Some years ago I was preaching in a gospel hall in Detroit. A former Muslim from India was there who was at the head of a tea business, and he had been brought to know the Lord Jesus Christ. On one occasion when holding a meeting there, the Sunday school had its annual outing and we all went over to a beautiful spot, and spent the day together. I was chatting with this brother, Mr. Mohammed Ali by name, when a young girl came by passing out sandwiches. She said, “Won’t you have a sandwich?”

“Thank you,” I said, “what kind have you?”

“I have several different kinds.”

“I will help myself to several of them.”

And then she turned to Mr. Ali and said, “Will you have one?”
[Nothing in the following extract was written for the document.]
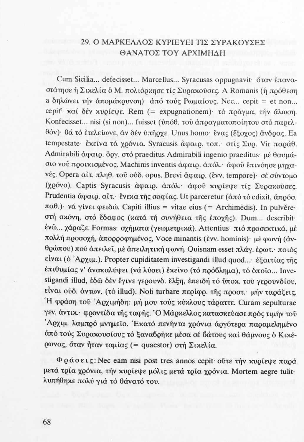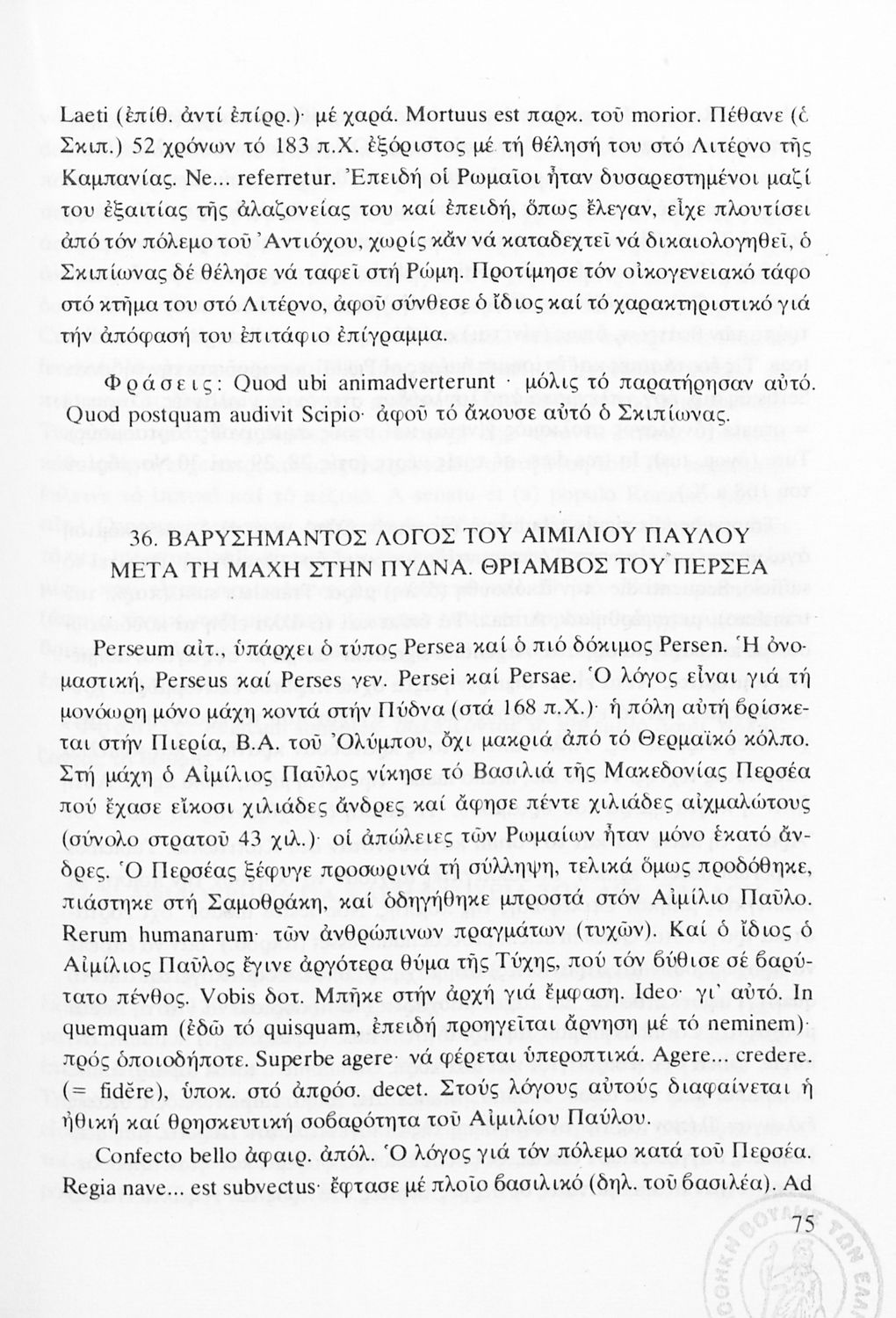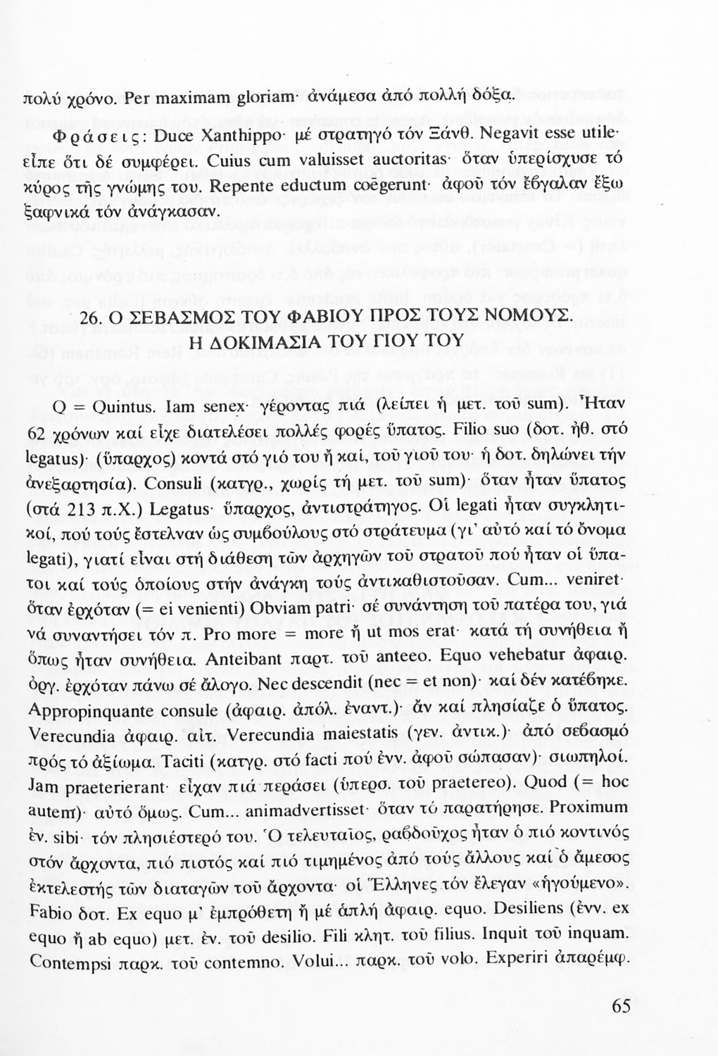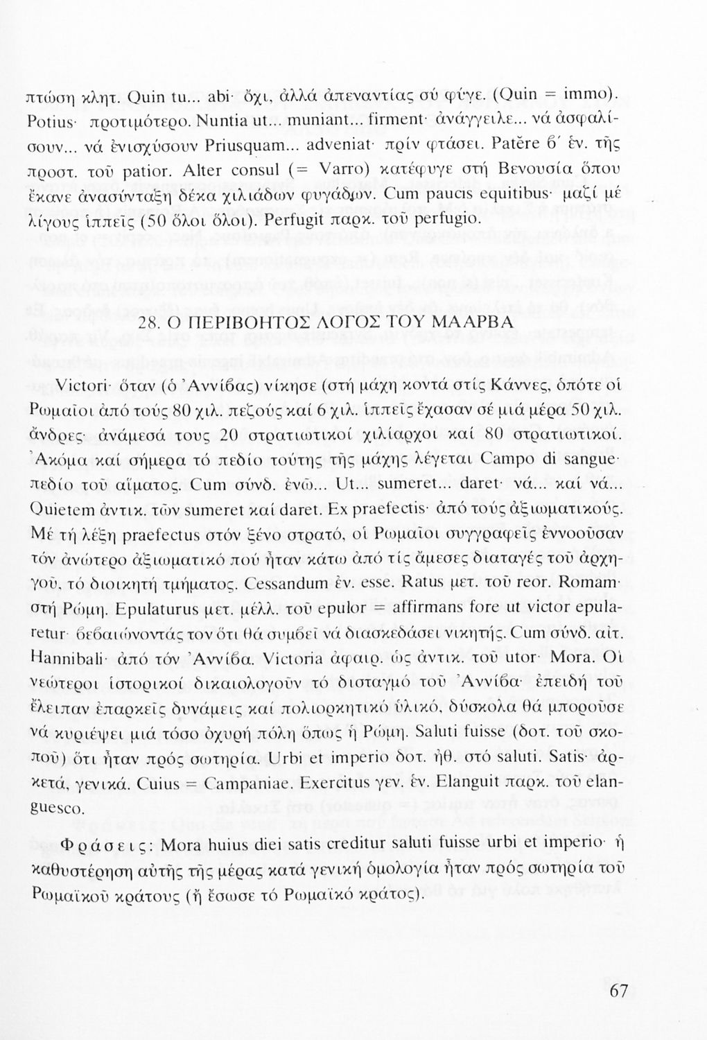 Αναγνωστικό Λατινικών για τη Γ΄ Γυμνασίου που περιέχει 54 κείμενα/περικοπές στα λατινικά, ερμηνευτικά υπομνήματα, λεξιλόγιο και κατάλογο με τα συντακτικά φαινόμενα (αφαιρετική, προθέσεις, σύνδεσμοι) που ...

“What kind are they?” he asked.

“There is fresh pork and there is ham.”

“Have you any beef?”

“No, I do not.”

“Have you any lamb?”

“No.”

“Fish?”

“No.”

“Thank you, my dear young lady, but I won’t take any.”

Laughingly she said, “Why, Mr. Ali, you surprise me. Are you so under law that you cannot eat pork? Don’t you know that a Christian is at liberty to eat any kind of meat?”

“I am at liberty, my dear young lady, to eat it,” he said, “but I am also at liberty to let it alone. You know I was brought up a strict Muslim. My old father, nearly eighty years of age now, is still a Muslim. Every three years I go back to India to render an account of the business of which my father is really the head, and to have a visit with the folks at home. Always when I get home I know how I will be greeted. The friends will be sitting inside, my father will come to the door when the servant announces that I am there, and he will say, ‘Mohammed, have those infidels taught you to eat the filthy hog meat yet?’ ‘No, Father,’ I will say; ‘pork has never passed my lips.’ Then I can go in and have the opportunity to preach Christ to them. If I took one of your sandwiches, I could not preach Christ to my father the next time I go home.”

Of course the young lady understood. He was acting exactly as the apostle is suggesting here. We have liberty to refrain from doing these things if they will trouble other people. Love is to be the dominating motive. “When ye sin so against the brethren, and wound their weak conscience, ye sin against Christ.”

And so the chapter comes to this striking conclusion, “Wherefore, if meat make my brother to offend, I will eat no flesh while the world standeth, lest I make my brother to offend.” This is true Christian liberty coupled with brotherly care.